In Defense of Ring Around a Roses
Brief History: First, let’s get one thing straight - this isn’t about the bubonic plague. I know the whole of the internet wants to fight me on this and I even let people think it is because I’ve been told I sound like an insistent snob when I argue about it. For the sake of this blog, I’ll be stating the facts as I know them. But also, just to be honest I thought this Mother Goose rhyme was about the Black Plague for a long time. First of all, the Black Death was most prominent in the 14th Century and then popped up around Europe in large patches every 20 to 40 years until the 1600s. The earliest versions of “Ring Around the Roses” can only be traced to the late 1700s and that’s German version which seems very different in meaning. That doesn’t mean that it isn’t about a disease, but most historians think cholera or scarlet fever would be more likely. Other theories include it being about fairy rings, old pagan well-wishes (although this falls into that timing problem again), and simply being a children’s game full of superstitious phrases meant to bring good luck.

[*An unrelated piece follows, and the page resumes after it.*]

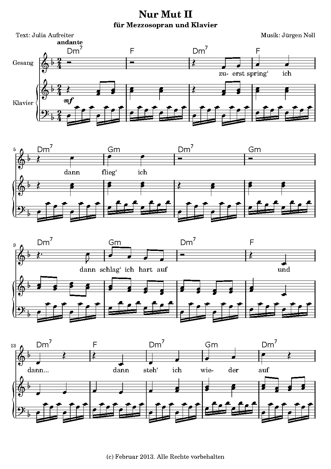 This is the second adaptation of the poem "Nur Mut" ("Take Courage") by Julia Aufreiter. The first adaptation is the basis for "per aspera ad astra" by the same composer.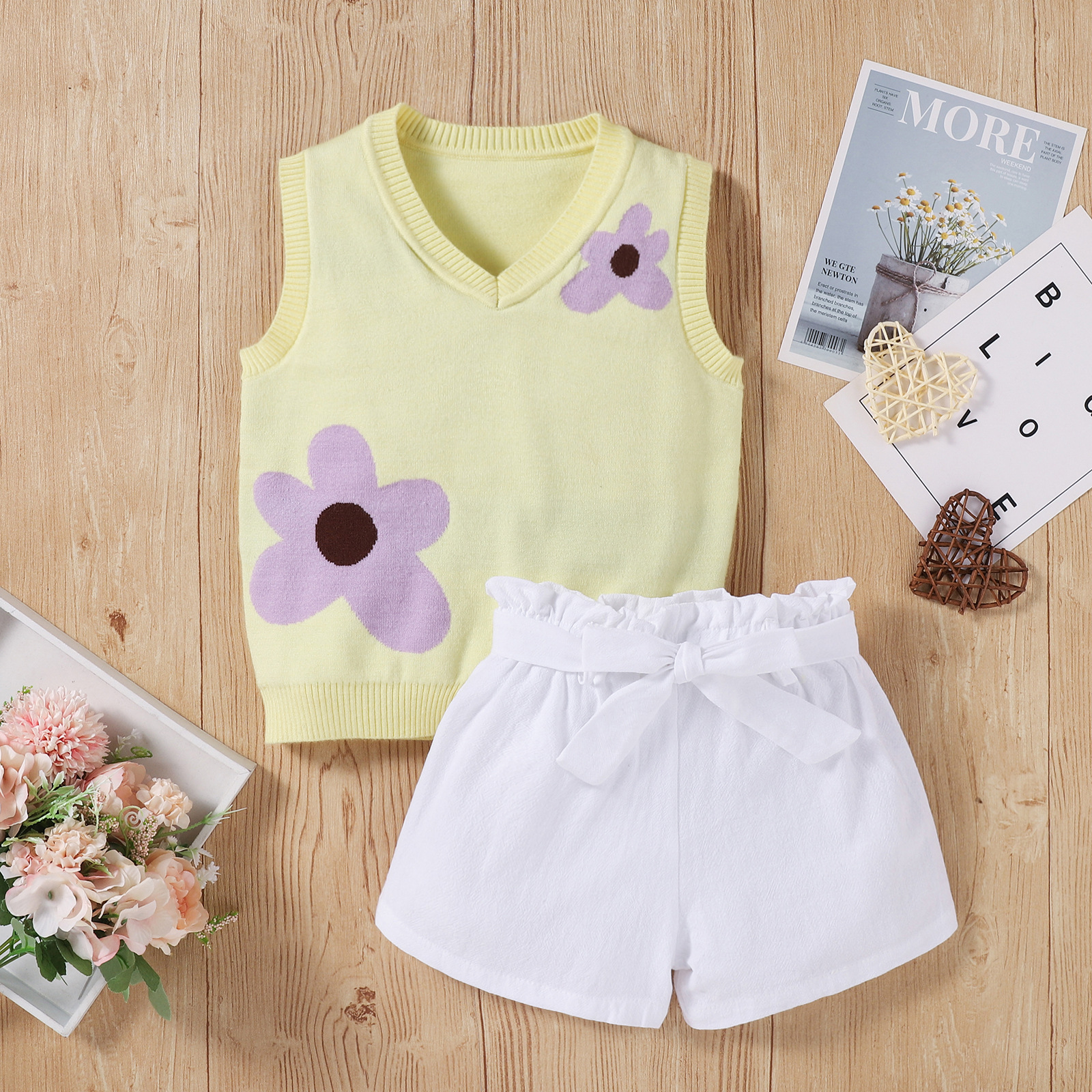 아동 의류 여름 새 여자 아기 귀여운 모직 조끼 프릴 어린이 반바지 정장

Analysis: In keeping with the disease them, people really didn’t start that theory until after WWI. But it makes sense with modern versions, but again, still can’t be the Black Plague. “Ring around a roses” was rumored to be what patterns the Black Death left on the body. The Bubonic plague didn’t cause rashes like people think, it causes horrible, puss filled growths in key areas of the body. This would be more logical with other diseases, specifically scarlet fever. By the Nineteenth Century, doctors still believed good smells could ward off sickness, hence the posies, and “all fall down” you know. However, earliest versions had nothing to do with the dark sounds of ashes and falling. They were about rose trees and squatting and being the first to win the game.
Blame it on the Spanish Flu: After Wold War I the world changed, not just from weapons and economic depression, but from the widespread and misnamed Spanish Flu. You can look up the Flu for yourself . It’s been in the media a lot lately. I suggest BioGraphics youtube channel’s take on it, which includes medical research as well as how it spread and effected society. By World War II, soldiers were mostly like haunted by the diseases of their predecessors and had sickness on the brain. What else did the they have on the brain? Anything they could think of which included old Mother Goose recitations. You have to keep your mind active in the down time and what better way than to speculate how the most common child rhyme could be a link the most famous disease in history?
Final Thoughts: Where’s the Covid 19 Nursery Rhyme, huh?